### TASK DETAILS
Where a picture appears, leave it out, and transcribe all the lines below exactly.

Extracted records
=-=-=-=-=

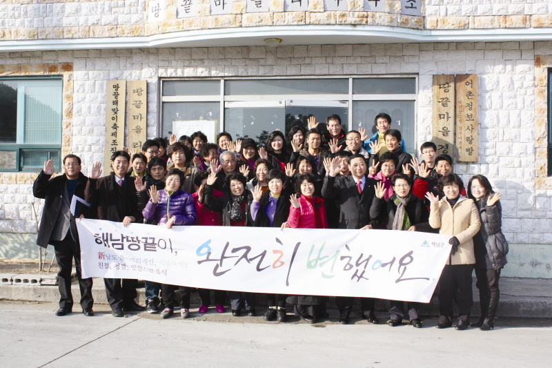 지난 12일 땅끝마을 음식업 대표 30여명이 마을회관에 모여 친절한 땅끝, 다시오고 싶은 땅끝, 맛있는 음식이 있는 땅끝을 만들자는 결의대회를 가졌다.
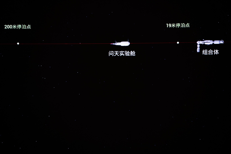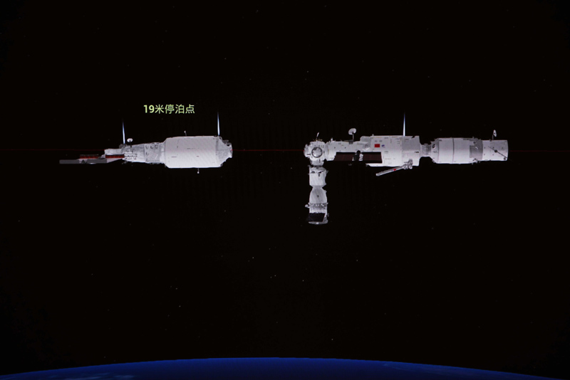 7月25日在北京航天飞行控制中心拍摄的问天实验舱与空间站组合体交会对接。这是问天实验舱从19米停泊点向天和核心舱前向端口靠近。新华社记者 郭中正 摄
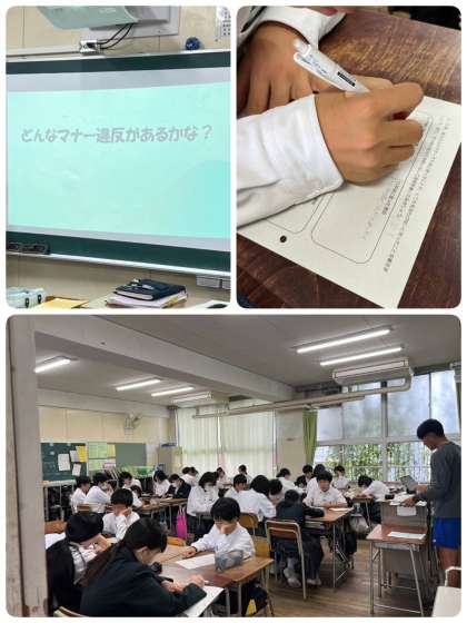 1年生は、今日の道徳の時間、公共マナーについての学習をしました。
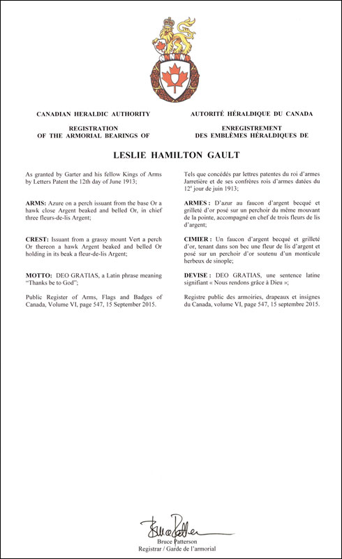 L'utilisation du contenu du Registre public est réservée à des fins de recherche uniquement. Les emblèmes héraldiques du Registre ne peuvent être reproduits sous aucune forme ou par quelque procédé que ce soit sans l'autorisation écrite de l'Autorité héraldique du Canada et/ou du récipiendaire.
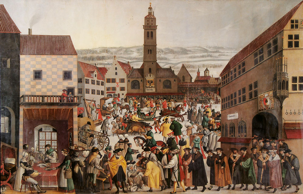 Idealisierte Darstellung des spätmittelalterlichen Marktgeschehen auf dem Augsburger Perlachplatz. Gemälde (Öl auf Leinwand) von Heinrich Vogtherr d. J. (?), entstanden um 1540. (Kunstsammlungen und Museen Augsburg, Inv. Nr. 9330)
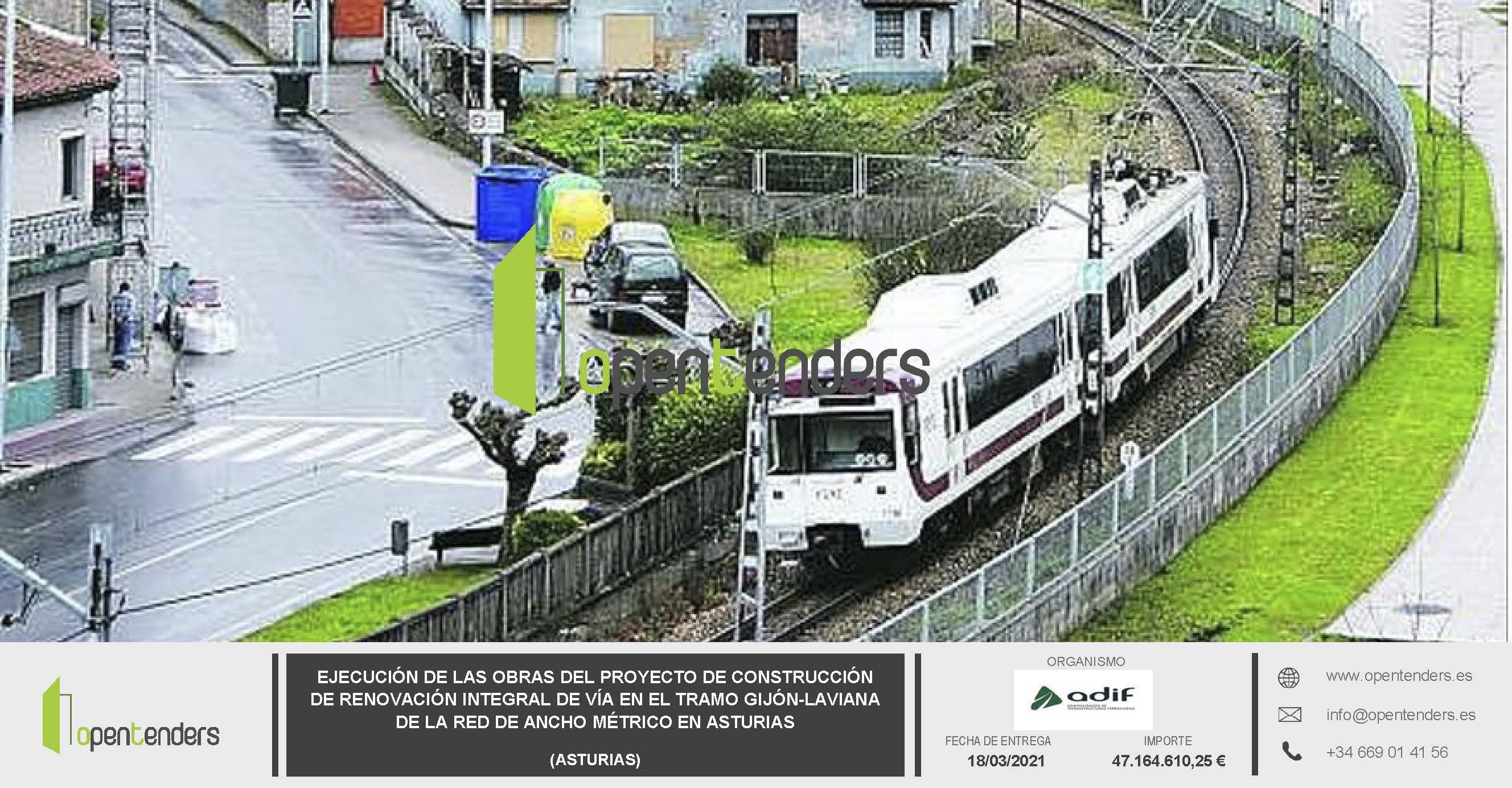 EJECUCIÓN DE LAS OBRAS DEL PROYECTO DE CONSTRUCCIÓN DE RENOVACIÓN INTEGRAL DE VÍA EN EL TRAMO GIJÓN-LAVIANA DE LA RED DE ANCHO MÉTRICO EN ASTURIAS

=-=-=-=-=

### TASK SOLUTION
 지난 12일 땅끝마을 음식업 대표 30여명이 마을회관에 모여 친절한 땅끝, 다시오고 싶은 땅끝, 맛있는 음식이 있는 땅끝을 만들자는 결의대회를 가졌다.
 7月25日在北京航天飞行控制中心拍摄的问天实验舱与空间站组合体交会对接。这是问天实验舱从19米停泊点向天和核心舱前向端口靠近。新华社记者 郭中正 摄
 1年生は、今日の道徳の時間、公共マナーについての学習をしました。
 L'utilisation du contenu du Registre public est réservée à des fins de recherche uniquement. Les emblèmes héraldiques du Registre ne peuvent être reproduits sous aucune forme ou par quelque procédé que ce soit sans l'autorisation écrite de l'Autorité héraldique du Canada et/ou du récipiendaire.
 Idealisierte Darstellung des spätmittelalterlichen Marktgeschehen auf dem Augsburger Perlachplatz. Gemälde (Öl auf Leinwand) von Heinrich Vogtherr d. J. (?), entstanden um 1540. (Kunstsammlungen und Museen Augsburg, Inv. Nr. 9330)
 EJECUCIÓN DE LAS OBRAS DEL PROYECTO DE CONSTRUCCIÓN DE RENOVACIÓN INTEGRAL DE VÍA EN EL TRAMO GIJÓN-LAVIANA DE LA RED DE ANCHO MÉTRICO EN ASTURIAS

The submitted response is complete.